(Stored data)
···
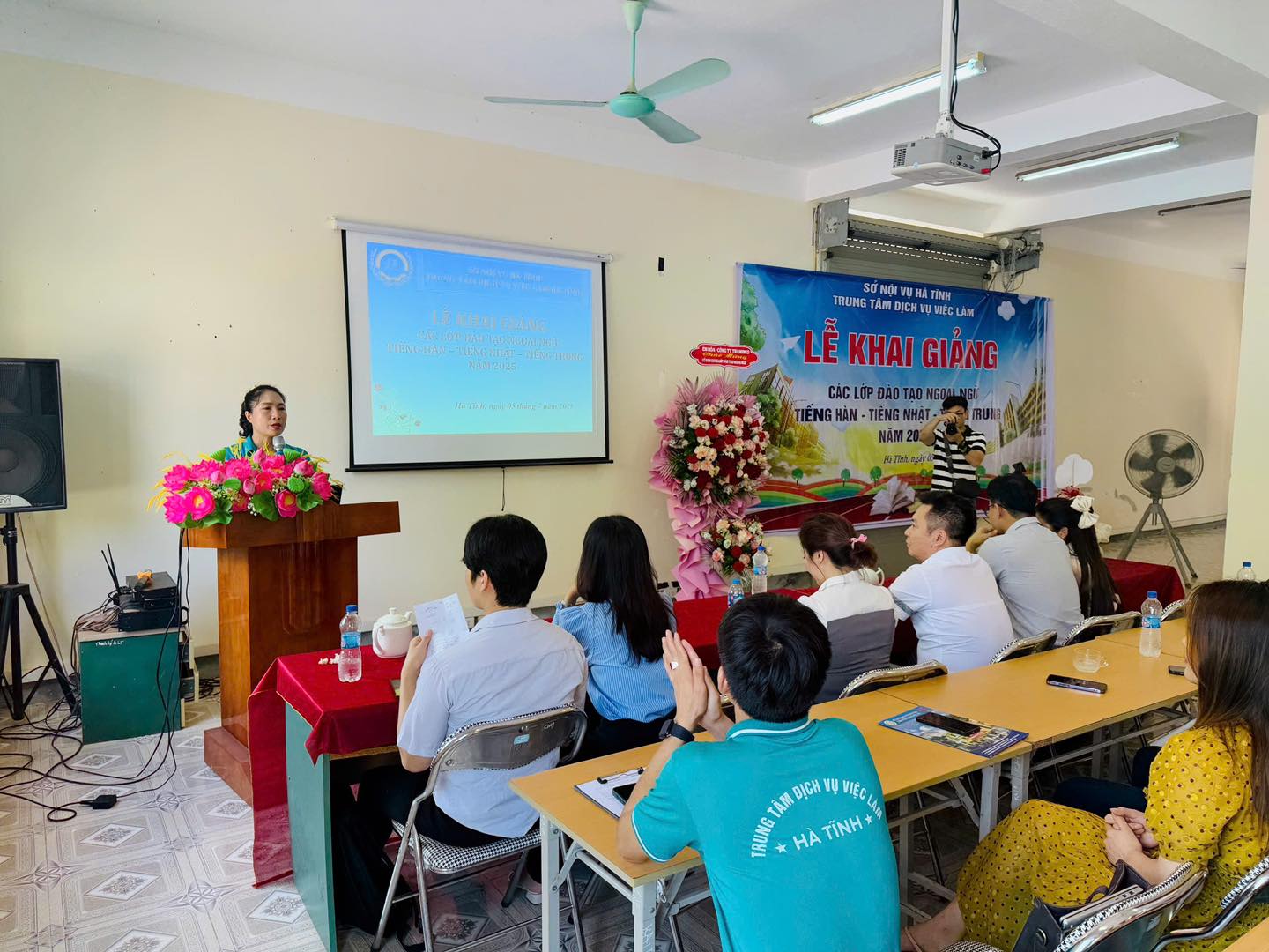 Bà Nguyễn Thị Thanh Hương – Giám đốc Trung tâm Dịch vụ Việc làm Hà Tĩnh Thầy Kim Min Jo – Trường Đại học Gimcheon, Hàn Quốc Thầy Hoàng Chí Viễn – Trưởng ban quốc tế, Đại học Công nghệ Triều Dương – Đài Loan Và hơn 60 học viên là người lao động và học sinh THPT trên địa bàn
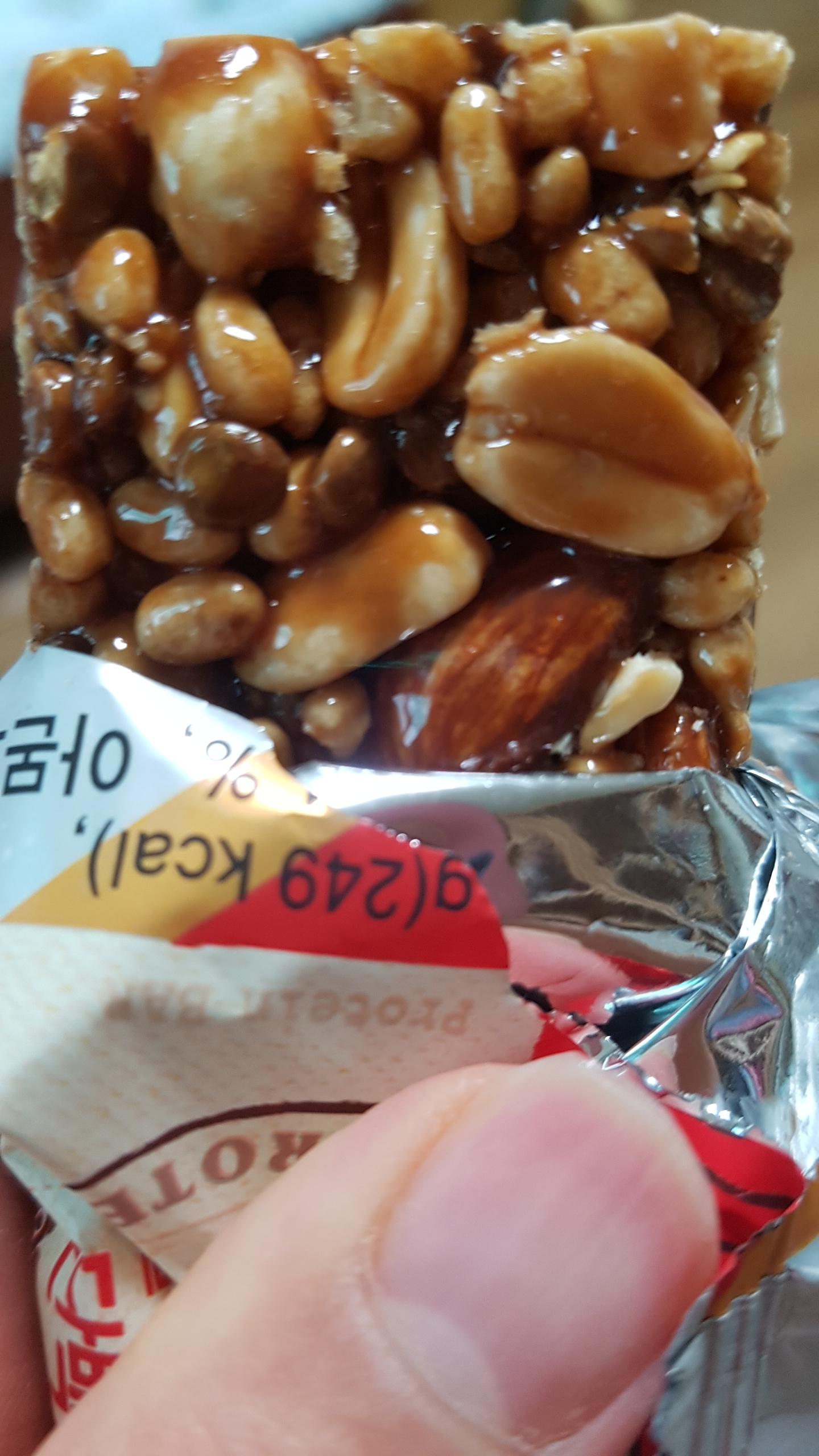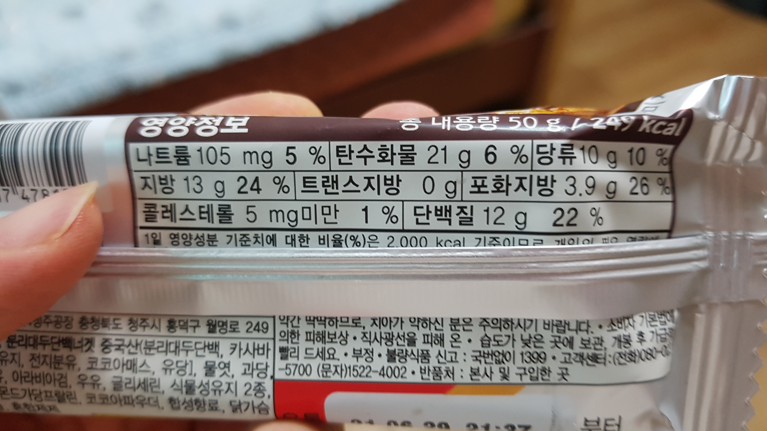 물론 좀 아쉬운 부분도 있다. 초코가 같이 들어있기 때문에 지방이나 당류도 좀 들어있는 편이다. 하지만 핫브레이크나 스니커즈처럼 우리가 자주 먹는 초코바에 비해서 단백질 함량이 높으며 상대적으로 영양소가 고루 있다는 점이다.
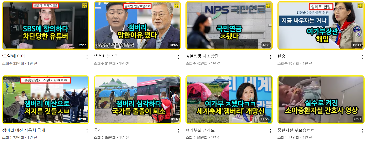 뻑가는 대한민국에서 활동하는 대표적인 우파 성향의 이슈 유튜버입니다. 사이버 렉카의 선두주자로 불리며, 보수주의, 우파, 안티페미니즘을 주요 콘텐츠로 다루고 있습니다.
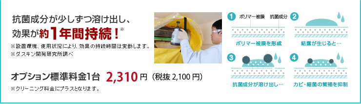 | 抗菌コート 1台<対象箇所:熱交換器・ドレインパン> | 4,620円(税抜4,200円) |
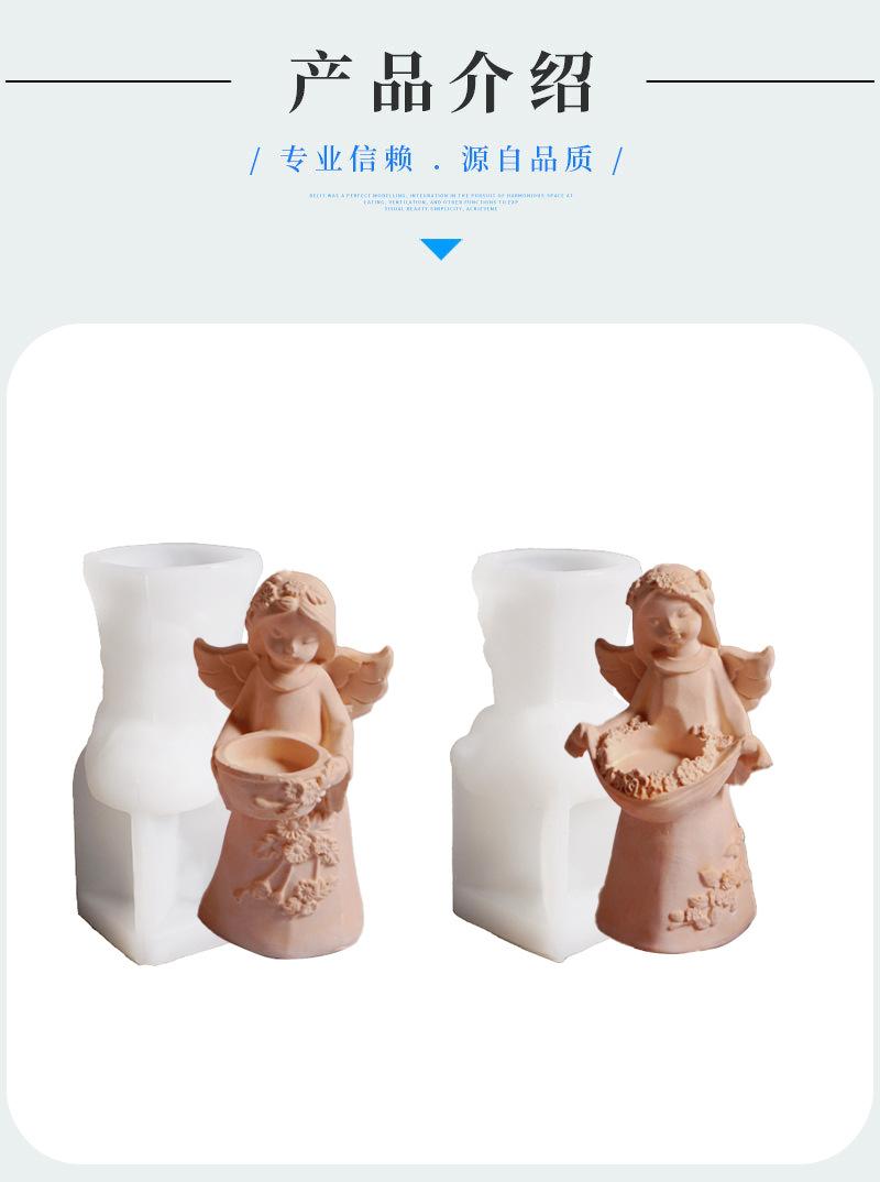 DIY Pegamento Ángel Niña Mano Sosteniendo Portavelas Resina Molde de Silicona Alas Adornos de Angelito Molde de Yeso
···
◆ **Exercise requirements**:
Leave the pictures out, and retype exactly the lines from the one containing "1台<対象箇所:熱交換器・ドレインパン> | 4,620円(税抜4,200円) |" through the last line of the entries above, both included.

◆ **Output of the exercise**:
 | 抗菌コート 1台<対象箇所:熱交換器・ドレインパン> | 4,620円(税抜4,200円) |
 DIY Pegamento Ángel Niña Mano Sosteniendo Portavelas Resina Molde de Silicona Alas Adornos de Angelito Molde de Yeso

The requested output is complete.